- About this task
Output the listing verbatim, leaving out every picture.

- Supplied material
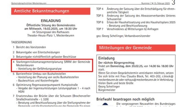 wie in der letzten Information bereits angekündigt, findet in der nächsten öffentlichen Sitzung des Gemeinderats (Mittwoch 08.02.2023, 17:30 Uhr im Sitzungssaal des Rathauses Meckenbeuren) unter TOP 7 eine Entscheidung zur Vergabe des Gutachtens zum Starkregenrisikomanagement statt - Details finden sich in der angehängten Beschlussvorlage und unter ris.meckenbeuren.de/termine.
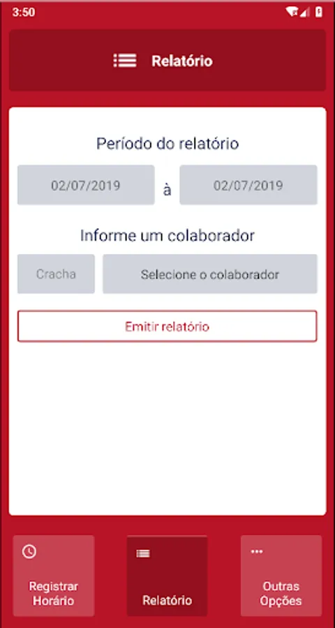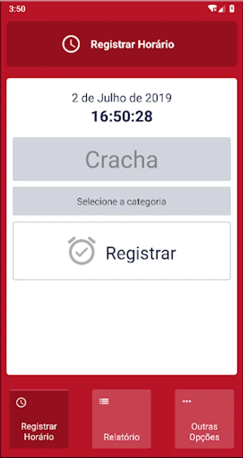 The application provides a platform that allows you to register the current time with timezone GMT -03: 00, and requests the user's location at the time of registration as a way of verifying and identifying the place where the registration was made.
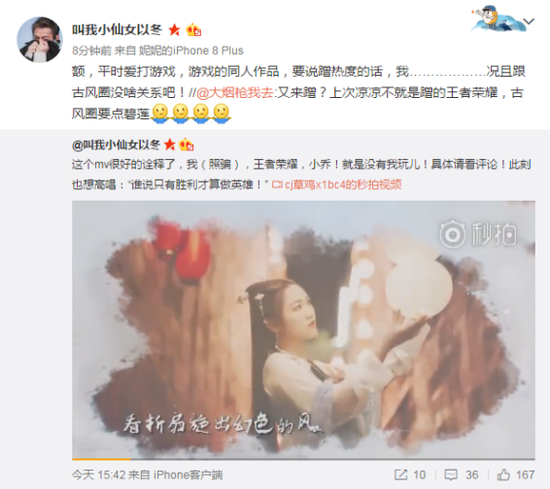 事件一出,以冬的粉丝也是迅速保护以冬,撕逼发起人也是跟以冬以及粉丝们诚挚道了歉。小编倒是觉得王者荣耀固然火热,但蹭热度就稍有点过分了。王者荣耀和古风都是一个人的爱好,兼顾王者荣耀和古风音乐又何尝不可?
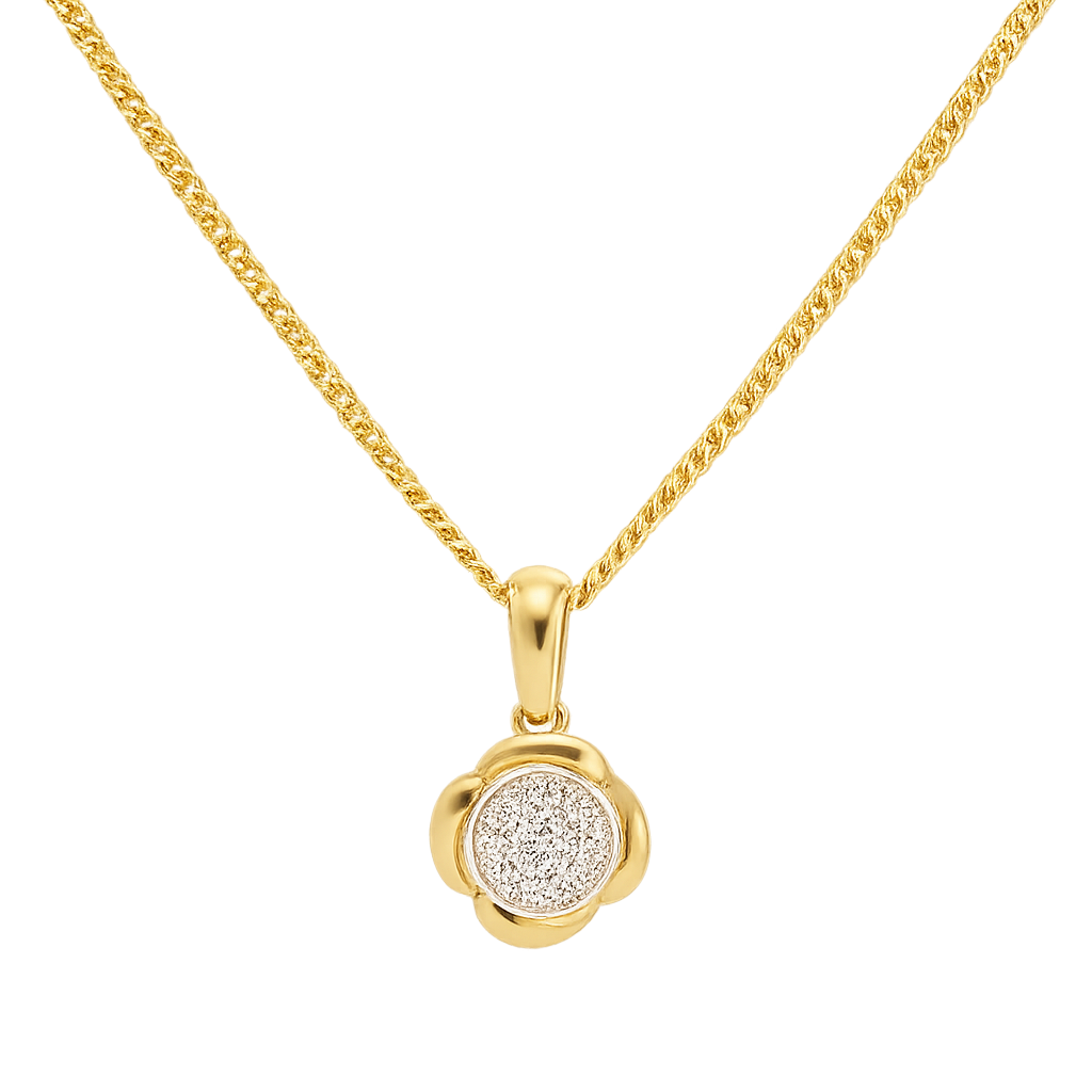 Radiating timeless elegance, this delicate Fleur pendant is crafted in warm 9ct yellow gold and set with a cluster of brilliant round diamonds totalling 0.11ct. The softly sculpted petal design surrounds the diamond centre with a graceful floral silhouette, catching the light beautifully from every angle. Suspended from a fine gold chain, this pendant makes a perfect everyday signature or a meaningful gift for someone special.

- Response box
 wie in der letzten Information bereits angekündigt, findet in der nächsten öffentlichen Sitzung des Gemeinderats (Mittwoch 08.02.2023, 17:30 Uhr im Sitzungssaal des Rathauses Meckenbeuren) unter TOP 7 eine Entscheidung zur Vergabe des Gutachtens zum Starkregenrisikomanagement statt - Details finden sich in der angehängten Beschlussvorlage und unter ris.meckenbeuren.de/termine.
 The application provides a platform that allows you to register the current time with timezone GMT -03: 00, and requests the user's location at the time of registration as a way of verifying and identifying the place where the registration was made.
 事件一出,以冬的粉丝也是迅速保护以冬,撕逼发起人也是跟以冬以及粉丝们诚挚道了歉。小编倒是觉得王者荣耀固然火热,但蹭热度就稍有点过分了。王者荣耀和古风都是一个人的爱好,兼顾王者荣耀和古风音乐又何尝不可?
 Radiating timeless elegance, this delicate Fleur pendant is crafted in warm 9ct yellow gold and set with a cluster of brilliant round diamonds totalling 0.11ct. The softly sculpted petal design surrounds the diamond centre with a graceful floral silhouette, catching the light beautifully from every angle. Suspended from a fine gold chain, this pendant makes a perfect everyday signature or a meaningful gift for someone special.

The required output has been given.